De klacht komt er op neer dat beklaagde is tekort geschoten in de behandeling van de gebitsproblemen bij de kat van klaagster.

3. DE VOORGESCHIEDENIS

3.1. De zaak heeft betrekking op de kat van klaagster, een Europese korthaar, geboren op 10 september 1998.
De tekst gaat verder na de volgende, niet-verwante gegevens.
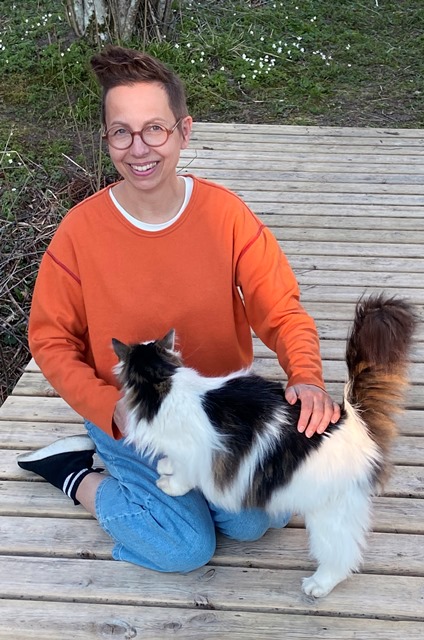 Nu har vi gjort en ny modell som vi sytt upp någar exemplar av i tunn, orange, slätstickad merinoull.
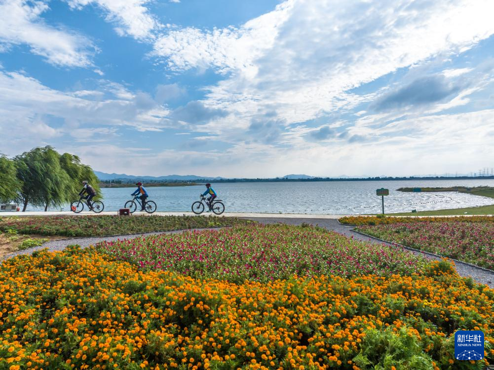 9月21日,骑行爱好者在滕州市马河水库景区骑行。
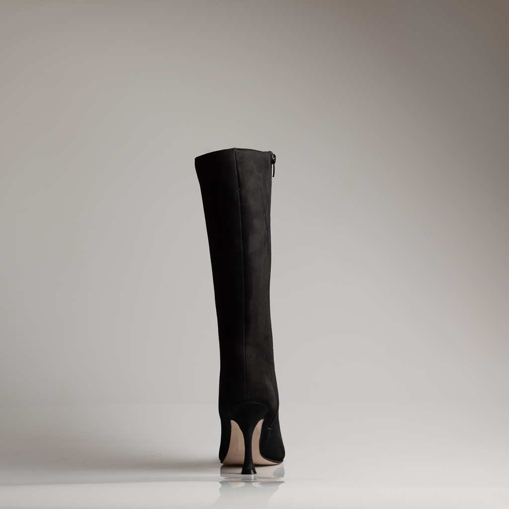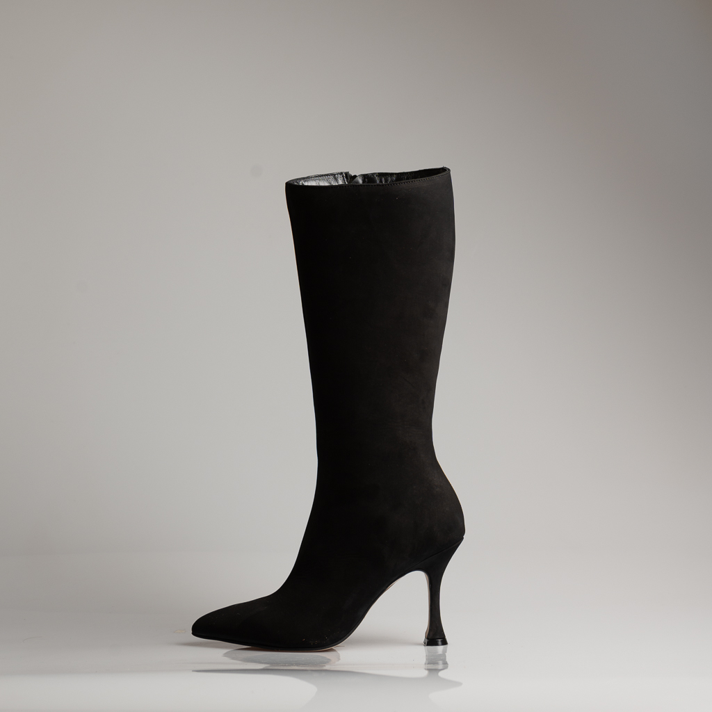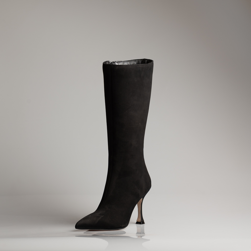 Χειροποίητη Μπότα από μαύρο suede . 8.5cm τακούνι με αντιολισθητική σόλα και κανονική φόρμα.
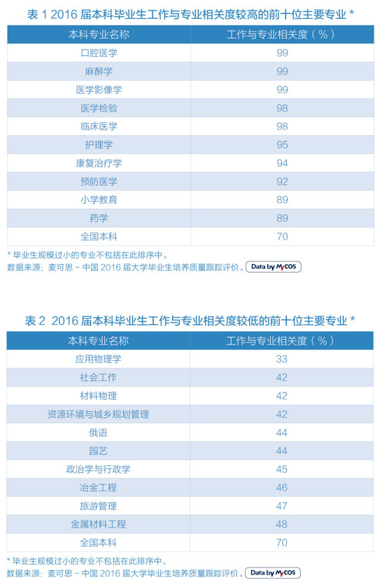 哪些本科專業(yè)從業(yè)門檻較高,讓其他專業(yè)畢業(yè)生涉足難度大?報告顯示,在2016屆本科畢業(yè)生工作與專業(yè)相關(guān)度較高的前十位主要專業(yè)中,醫(yī)學(xué)類專業(yè)占據(jù)較大比重,口腔醫(yī)學(xué)、麻醉學(xué)、醫(yī)學(xué)影像學(xué)的工作與專業(yè)相關(guān)度均為99%。與之形成對比的是,應(yīng)用物理學(xué)的工作與專業(yè)的相關(guān)度較低,僅為33%,緊隨其后的是社會工作、材料物理以及資源環(huán)境與城鄉(xiāng)規(guī)劃管理專業(yè),均為42%。
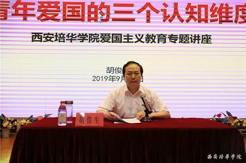 9月27日下午,西安培华学院党委书记胡俊生在维之图书馆报告厅为2019级新生进行爱国主义教育专题讲座,胡俊生书记从爱国认知的理性维度、情感维度和角色维度三个部分详细分析“青年爱国的三个认知维度”。
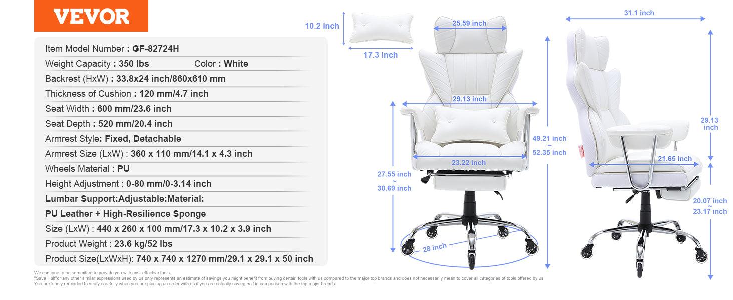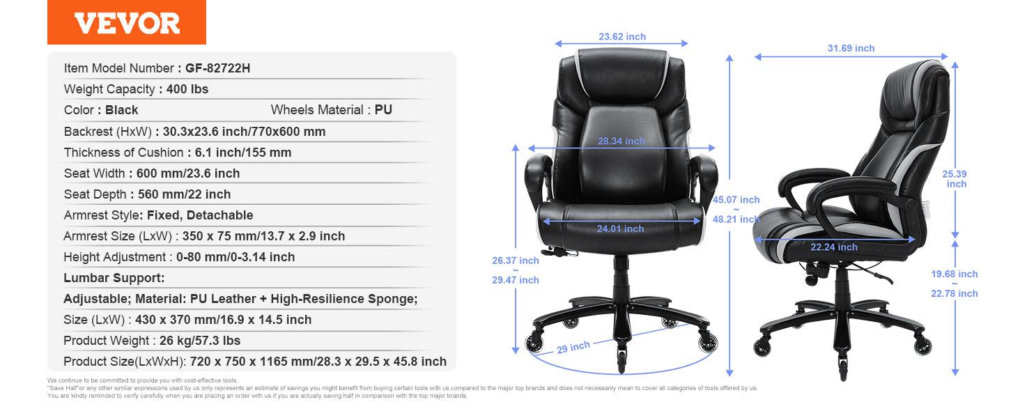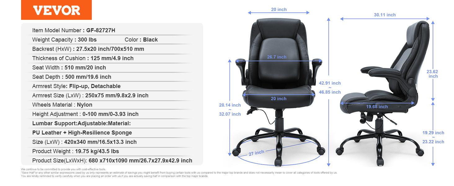 Invest in your comfort and productivity with the VEVOR Heavy Duty Executive Chair. Its sturdy design and luxurious materials allow you to work efficiently while looking great. Make your office a haven of productivity and comfort!

3.2. Op 16 maart 2011 is klaagster met de kat bij een collega van beklaagde op consult geweest in verband met een afgebroken kies. Het restant van die afgebroken kies kon door de bewuste collega echter –vanwege onvoldoende grip- niet meer geëxtraheerd worden en is door deze dierenarts zoveel mogelijk uitgeboord. Daarnaast is van andere kiezen tandsteen verwijderd en werd vastgesteld dat in de linker bovenhoek een tand enigszins aan het loslaten was, in welk verband blijkens de patiëntenkaart werd geadviseerd na verloop van een jaar een controle te laten verrichten. De kat heeft per injectie antibiotica toegediend gekregen en is met klaagster mee naar huis gegaan.

3.3. Klaagster stelt dat de kat in de hierop volgende maanden in conditie achteruit is gegaan en dat er diverse problemen zijn ontstaan. Volgens klaagster was sprake van vermagering, lusteloosheid, een valer wordende vacht, luchtwegproblemen, zat de kat steeds met zijn pootje aan zijn kaak en kon hij geen geluid meer maken.

3.4. Op 13 januari 2012 heeft klaagster een consult bij beklaagde afgesproken waarbij zij, naar het college heeft begrepen, het vermoeden heeft uitgesproken dat de achteruitgang in de gesteldheid van de kat verband hield met de gebitsbehandeling die het dier op 16 maart 2011 bij de collega van beklaagde had ondergaan. Bij het klinisch onderzoek en inspectie van de bek van de kat stelde beklaagde vast dat er sprake was van ontstoken tandvlees en sloot hij blijkens de patiëntenkaart niet uit dat er mogelijk kiezen geëxtraheerd zouden moeten worden. De kat heeft antibiotica en pijnstillende medicatie toegediend gekregen.

3.5. Op 17 januari 2012 en 19 januari 2012 hebben blijkens de patiëntenadministratie telefonische consulten plaatsgevonden, waarbij blijkbaar aan de orde is geweest dat de kat mogelijk een schildklierprobleem had en klaagster aangaf dat de eetlust van de kat nog slecht was. Om die reden is een vervolgafspraak gemaakt voor een bloedonderzoek om de nier- en schildklierfunctie te controleren.

3.6. Dat bloedonderzoek is op 27 januari 2012 uitgevoerd, maar leverde geen bijzonderheden op. Op 14 februari 2012 zijn de resultaten van het bloedonderzoek telefonisch met klaagster besproken en is, omdat klaagster meldde dat het dier nog steeds tekenen van pijn in de bek vertoonde, een afspraak gemaakt voor een gebitsbehandeling op 21 februari 2012.

3.7. Die gebitsbehandeling heeft op laatstgenoemde datum ook feitelijk plaatsgevonden. Beklaagde constateerde bij het consult dat de linker tonsil vergroot was en dat sprake was van glottioedeem, naast een lichte souffle op het hart. Beklaagde heeft blijkens de patiëntenkaart vier wortels en tandsteen verwijderd en het gebit gepolijst. Na het voorschrijven van medicatie is de kat met klaagster mee naar huis gegeven. Omdat beklaagde voor wat betreft de vergrote linker tonsil differentiaal diagnostisch dacht aan een allergische reactie of een onderliggend hartprobleem, is een controleafspraak voor veertien dagen later gemaakt en medicatie (o.a. Prednoral) meegegeven .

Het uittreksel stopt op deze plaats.